Only 16% of mothers of disabled children work compared with 61% of all mothers.

72% of families with disabled children cut back or give up work because of childcare problems.

86% of families of disabled children who use childcare pay above average

33% of parent carers don’t use childcare because staff don’t have the right experience.

41% of families with disabled children age 3 and 4 can’t access 15hr free early education offer (that theoretically all children are entitled to)

Behind all those statistics are real parents trying to go to work and bright, beautiful disabled children who deserve the opportunity to experience everything that good childcare has to offer.

The Inquiry took oral evidence from a number of mothers of disabled children. One of the striking things is the inconsistency of provision. I have crossed paths with Stacie Lewis a number of times – we live in neighbouring boroughs in south London, our children are close in age and have a similar level and type of disability. But her experience was totally different from mine. She went to more than 50 childminders and nurseries before she found one that would take her daughter.
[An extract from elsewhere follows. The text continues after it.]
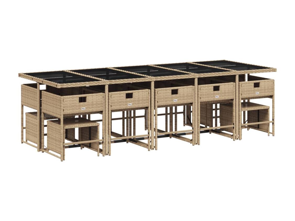 Ensemble à manger de jardin et coussins 17 pièces beige

The inevitable problem with providing good childcare for disabled children is it is more expensive than if the child were not disabled. They need more support, more staff hours, more meetings with other professionals, better trained staff, adapted equipment and buildings. It is no coincidence that Ben’s nursery is run by our local authority – private nurseries are unlikely (and generally don’t) take on children who will undermine their profit margin.

Our local authority ‘restructured’ Ben’s nursery last year which involved a new staffing structure and everyone having to reapply for their jobs. I wrote a number of letters expressing concern about the effect this would have on children like Ben which the council essentially ignored and so inevitably, come the summer, all of the staff who directly knew Ben had left. We kept Ben at home for a few weeks before we felt confident that he could return and be safely cared for. He then had to get to know new staff, who had very little training in Ben’s particular needs.

I’m glad we persevered – both in terms of making it work with new staff, and in fighting with our local authority for seven months so Ben could continue to go to the nursery when he started school part-time. Some of the children have known Ben for years now – they bring him toys to play with and read him books. The staff (who survived the restructure) know our family and supported us in getting Ben in to school early. There is real value in Ben being part of this and it is incredibly disappointing that thousands of disabled children are being denied such opportunities.